South Korea has also reached out, calling into North Korea every day from the border village of Panmunjom for a year and a half. No one picks up the phone. Liberals and conservatives have both extended a hand to the rogue regime, expressing a desire for real dialogue, but the North has rejected these peaceful offers over and over again.

“We have nearly achieved the final point on the way to our ultimate goal, to achieving a real balance of force with the United States,” North Korean Foreign Minister Ri Yong-ho told Russian reporters in Pyongyang this week. “Final scores be settled with the Americans only with a hail of fire, and not with words.”

Ruggiero suggested that the narrative on the Iran deal should be made in reverse and explained that it is not North Korea watching Iran, but rather the other way around.
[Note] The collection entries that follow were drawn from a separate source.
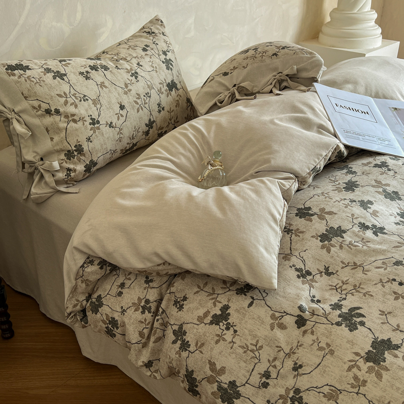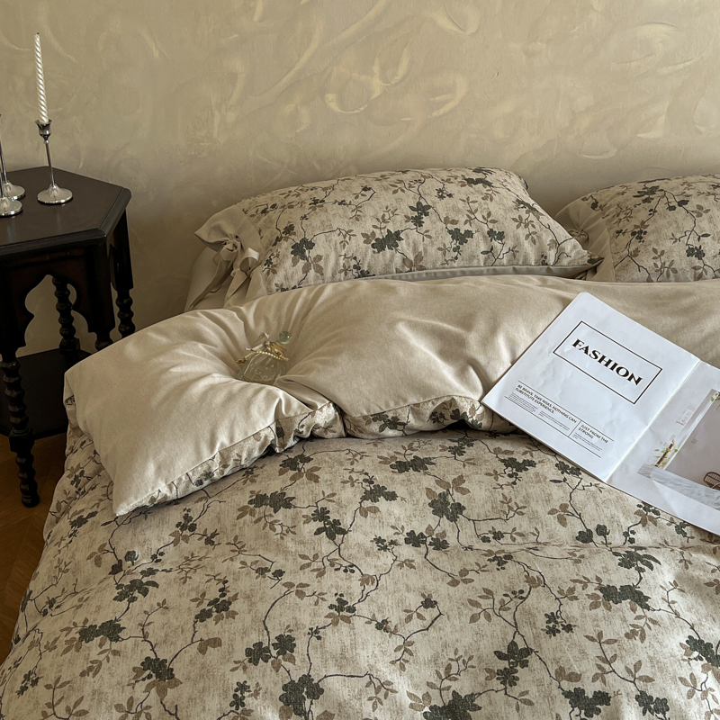 (总)漫仙阁家纺 2025新款加厚高克重原麻复古风印花四件套,布袋子,粉黛,花蕾-咖,花蕾-绿,金枝玉叶,锦簇,盛夏,素锦,向阳花开,一抹香,绽放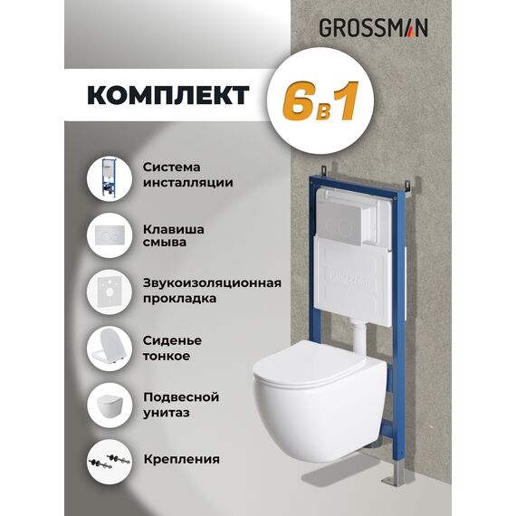 Комплект 3 в 1: Grossman инсталляция 900.K31.01.000+клавиша 700.K31.05.01M.01M белый матовый+унитаз GR-4411S, 3 места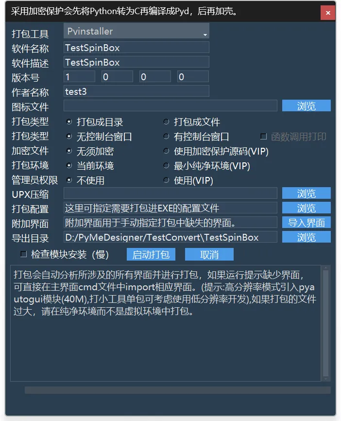 大家好,作为一个Python开发者,你是不是经常需要将Python工程打包成EXE呢? 当然,网上太多教程如何用命令行来打包EXE,我今天教大家一个更简单的方法,可以让大家随时对Python文件进行打包。不过首先我们需要下载一款强大的Python开发工具《PyMe》并进行简单设置,下面我们开始吧! 首先,下载这款Python开发工具《PyMe》 1.5.6.5: https://pyme.lanzoum.com/iQMxg3hp8dli 下载后解压,然后我们用右键单击PyMe.exe,在弹出菜单里用管理员权限启动PyMe。 启动PyMe后,我们点击右边的“体验用户点击登录”图标,进入到登录窗口。 在登录界面,点击右边的“注册新账号”,注册一个账号。 进入到注册界面,填写信息并点击“同意《PyMe》用户协议,完成注册。 注册完后返回到登录界面,输入账号和密码进行登录,但要注意勾选:“启动时自动登录”,这样你才可以在使用打包功能时免去登录验证。 在“常用设置”里找到”PyMe右键菜单“项,点选“开启”。我们需要将任何Python文件打包EXE时,只需要在Python文件上右键单击,然后点击“打包当前文件”即可。 这时会弹出PyMe的打包界面,这个界面包括了多个打包工具,并且提供了一些简单设置选项,比如选择打包成单文件,或者使用Cython将Python文件转为C再编译打包增强安全性、还提供了最小纯净环境的打包,可以大大降低打包后的体积。 打包的过程是可以看到进度的,结束后会成一个提示对话框。 通过这种方式,你可以非常方便的将Python文件快速转化为EXE。 《PyMe》致立于服务所有Python开发者,如果你觉得不错,就快来体验吧!官网:www.py-me.com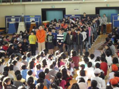 全校朝会で「節分」の話を聞いた後、「ことばのひろば」がありました。5年生が「教室はまちがえるところだ…」と日頃の練習の成果を披露しました。言語環境整備の一環として取り組んでいます。他の学年から大きな拍手をもらいました。なわとび週間が始まりました。下の二枚の写真は、中休みに校庭で元気になわとびに取り組んでいる低学年の様子です。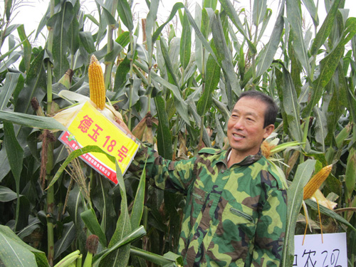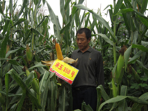 测产人员深入到田间地头,对春季安排的宽城60、丹玉96、三北8、中农221等10个春玉米品种进行了综合打分。首先根据春玉米整体长势、抗病性进行综合评定,然后每个品种选取有代表性区域进行测产。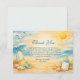 A cheerful surf-inspired baby shower design featuring sunny skies, rolling ocean waves, seashells, and playful beach elements. This light, summery artwork is ideal for a relaxed seaside celebration and can be easily personalized with names, dates, and event details while keeping a fresh coastal vibe.

“It’s Iran that’s watching North Korea,” he told TheDCNF. “It’s Iran that’s watching North Korea violating nuclear deals without consequence.” More importantly, he explained, Iran is watching as some leading scholars and observers argue that the U.S. must abandon denuclearization and accept North Korea as a nuclear weapons state.

“I’m sure that the leaders in Iran are noticing the pundits that are throwing their hands up saying we can’t do anything with North Korea, we must accept their nuclear weapons program,” Ruggiero said.

“I’m sure that Iran is particularly interested in that,” he added.